## Task objective
For any picture in the lines below, please leave it out and copy the rest exactly.

(Beginning of Information provided)

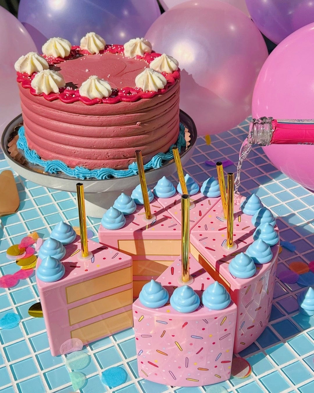 Celebrate in the sweetest way with the Packed Party Cake Sipper Set! This set of 6 reusable cake slice-shaped cups comes together to form a full birthday cake - complete with sprinkle details, pastel blue “frosting,” and shiny gold straws. Perfect for birthdays, bachelorette parties, girls’ nights, or any celebration that calls for cake and cocktails, these novelty drink cups are as fun as they are functional. Use them individually as party favors or display them together as a show-stopping centerpiece. Made from durable BPA-free plastic, these cake sippers can be reused to keep the party going slice after slice.
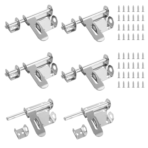 LOPYXBR 6Pcs Slide Gate Latch Bolt Lock for Gate 4 Inch, Silver Slide Lock for Door, Stainless Steel Gates Latch Bolt Door Lock with Screws for Wooden Gates, Outdoor Garden Shed Locks(4 Inch)
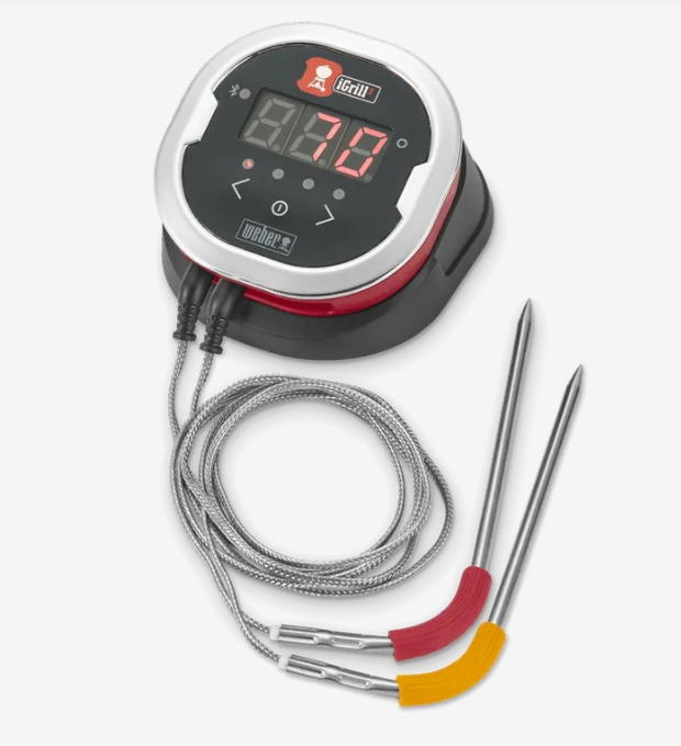 Take the guesswork out of grilling, and achieve your ideal doneness—without having to constantly check your meat. Use the the iGrill 2 digital thermometer to track up to four pieces of meat simultaneously while achieving pinpoint doneness levels on each. With 200 hours of battery life and a 45-metre line-of-sight wireless connection, this magnetic, grill-mountable thermometer includes two color-coded, professional-grade meat probes and has a maximum four-probe capacity. It seamlessly pairs with your mobile device via the Weber iGrill app to immediately alert you once your foods have reached their ideal doneness. The iGrill 2 also features an illuminated display with LED temperature readout, which means you’ll never have to lift the lid on your grill or smoker and interrupt the cooking process.Â

(End of Information provided)

## Response box
 Celebrate in the sweetest way with the Packed Party Cake Sipper Set! This set of 6 reusable cake slice-shaped cups comes together to form a full birthday cake - complete with sprinkle details, pastel blue “frosting,” and shiny gold straws. Perfect for birthdays, bachelorette parties, girls’ nights, or any celebration that calls for cake and cocktails, these novelty drink cups are as fun as they are functional. Use them individually as party favors or display them together as a show-stopping centerpiece. Made from durable BPA-free plastic, these cake sippers can be reused to keep the party going slice after slice.
 LOPYXBR 6Pcs Slide Gate Latch Bolt Lock for Gate 4 Inch, Silver Slide Lock for Door, Stainless Steel Gates Latch Bolt Door Lock with Screws for Wooden Gates, Outdoor Garden Shed Locks(4 Inch)
 Take the guesswork out of grilling, and achieve your ideal doneness—without having to constantly check your meat. Use the the iGrill 2 digital thermometer to track up to four pieces of meat simultaneously while achieving pinpoint doneness levels on each. With 200 hours of battery life and a 45-metre line-of-sight wireless connection, this magnetic, grill-mountable thermometer includes two color-coded, professional-grade meat probes and has a maximum four-probe capacity. It seamlessly pairs with your mobile device via the Weber iGrill app to immediately alert you once your foods have reached their ideal doneness. The iGrill 2 also features an illuminated display with LED temperature readout, which means you’ll never have to lift the lid on your grill or smoker and interrupt the cooking process.Â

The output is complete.